The atrocities revealed after the Russian retreat from Kyiv’s suburbs are not surprising in light of that history, but they shock the conscience nonetheless. Some 900 civilian bodies have been found, most of them shot dead at close range, according to local police. The corpse of one Ukrainian resident of Bucha, Ivan Monastyrskyi, had bullet holes in the calves and “his arms were stretched out at strange angles between slats of wood with nails through them,” according to a report in The Post by Louisa Loveluck and Serhiy Morgunov.


The mayor of Mariupol has estimated that at least 21,000 civilians have died in the Russian siege, though that cannot be verified independently. His assertion that bodies were “carpeted through the streets” of Mariupol would seem extravagant but for Russia’s use of artillery and bombs against hospitals and schools — and the fact that independent journalists and human rights observers who have visited places such as Bucha have, indeed, found bodies lying in their streets.
Russian war crimes in Ukraine are atrocities.

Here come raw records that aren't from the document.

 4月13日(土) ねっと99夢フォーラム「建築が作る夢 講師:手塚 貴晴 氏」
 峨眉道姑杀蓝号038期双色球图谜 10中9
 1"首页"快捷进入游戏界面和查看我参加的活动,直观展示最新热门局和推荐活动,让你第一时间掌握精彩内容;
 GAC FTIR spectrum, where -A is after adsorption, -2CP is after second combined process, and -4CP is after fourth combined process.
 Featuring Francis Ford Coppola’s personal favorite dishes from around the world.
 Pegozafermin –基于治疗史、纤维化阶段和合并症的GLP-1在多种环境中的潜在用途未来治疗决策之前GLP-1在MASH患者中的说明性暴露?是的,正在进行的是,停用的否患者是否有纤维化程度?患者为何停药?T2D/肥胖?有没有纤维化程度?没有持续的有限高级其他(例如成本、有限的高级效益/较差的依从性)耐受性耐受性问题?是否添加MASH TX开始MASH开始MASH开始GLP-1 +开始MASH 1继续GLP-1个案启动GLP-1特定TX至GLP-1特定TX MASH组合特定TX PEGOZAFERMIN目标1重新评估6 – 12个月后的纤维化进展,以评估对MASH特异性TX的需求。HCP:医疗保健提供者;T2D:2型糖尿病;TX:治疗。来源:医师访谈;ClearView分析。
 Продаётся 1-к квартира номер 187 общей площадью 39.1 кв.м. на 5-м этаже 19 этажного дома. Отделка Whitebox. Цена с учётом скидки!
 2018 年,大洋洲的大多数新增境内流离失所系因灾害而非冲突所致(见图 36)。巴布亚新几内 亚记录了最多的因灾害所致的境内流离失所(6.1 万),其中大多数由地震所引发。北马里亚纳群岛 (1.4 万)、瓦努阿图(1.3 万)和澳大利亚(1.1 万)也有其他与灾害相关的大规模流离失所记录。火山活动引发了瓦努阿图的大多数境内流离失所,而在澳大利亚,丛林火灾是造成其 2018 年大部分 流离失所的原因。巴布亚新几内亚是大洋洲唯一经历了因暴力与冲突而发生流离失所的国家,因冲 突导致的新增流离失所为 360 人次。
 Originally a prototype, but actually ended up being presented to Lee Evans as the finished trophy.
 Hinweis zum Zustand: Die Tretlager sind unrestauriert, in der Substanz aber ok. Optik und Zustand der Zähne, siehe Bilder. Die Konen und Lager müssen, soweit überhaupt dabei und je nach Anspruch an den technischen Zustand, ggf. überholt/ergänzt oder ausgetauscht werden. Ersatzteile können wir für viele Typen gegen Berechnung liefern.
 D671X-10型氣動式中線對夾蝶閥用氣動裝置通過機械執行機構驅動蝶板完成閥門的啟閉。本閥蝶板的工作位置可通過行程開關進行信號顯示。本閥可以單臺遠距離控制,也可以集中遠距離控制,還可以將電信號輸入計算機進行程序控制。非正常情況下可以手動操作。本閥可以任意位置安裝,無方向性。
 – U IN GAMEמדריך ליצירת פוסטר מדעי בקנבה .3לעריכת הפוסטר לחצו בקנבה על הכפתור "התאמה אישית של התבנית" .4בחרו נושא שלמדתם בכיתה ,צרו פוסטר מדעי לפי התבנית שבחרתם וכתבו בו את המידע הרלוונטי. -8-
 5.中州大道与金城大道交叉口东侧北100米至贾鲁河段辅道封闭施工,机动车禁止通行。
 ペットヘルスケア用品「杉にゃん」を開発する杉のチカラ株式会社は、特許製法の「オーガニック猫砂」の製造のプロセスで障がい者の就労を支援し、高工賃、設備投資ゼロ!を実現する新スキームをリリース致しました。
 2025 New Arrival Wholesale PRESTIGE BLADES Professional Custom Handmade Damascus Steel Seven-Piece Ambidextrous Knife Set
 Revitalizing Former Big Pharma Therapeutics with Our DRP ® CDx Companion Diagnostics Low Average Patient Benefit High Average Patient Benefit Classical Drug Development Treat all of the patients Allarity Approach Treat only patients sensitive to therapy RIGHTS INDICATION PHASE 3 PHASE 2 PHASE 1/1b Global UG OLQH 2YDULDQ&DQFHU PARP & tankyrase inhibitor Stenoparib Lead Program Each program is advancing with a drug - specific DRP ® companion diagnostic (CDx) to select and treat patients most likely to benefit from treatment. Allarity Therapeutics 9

Russia’s way of war, in short, includes war crimes. Certainly the record of President Vladimir Putin’s previous campaigns offers no hint that anyone in the chain of command will be held accountable for excesses. To the contrary, confronted with unmistakable evidence of its troops’ culpability, Russia regularly issues official propaganda asserting that its enemy, in this case Ukraine, has actually committed the atrocities so as to blame them on Russia.

Any decent end to this conflict would include a full investigation and punishment for war crimes. A realistic view, however, must acknowledge that actually putting Mr. Putin and his fellow perpetrators on trial is an aspiration, not a likelihood. Nevertheless, the world must not lose sight of Russian atrocities in the fighting to come, which, even when conducted outside of Ukraine’s cities, will put farmers and villagers in Russia’s path at risk. Russia’s behavior can and should motivate both Ukraine’s defenders and its supporters in the West to do anything within their lawful power to stop Russia from achieving its ends.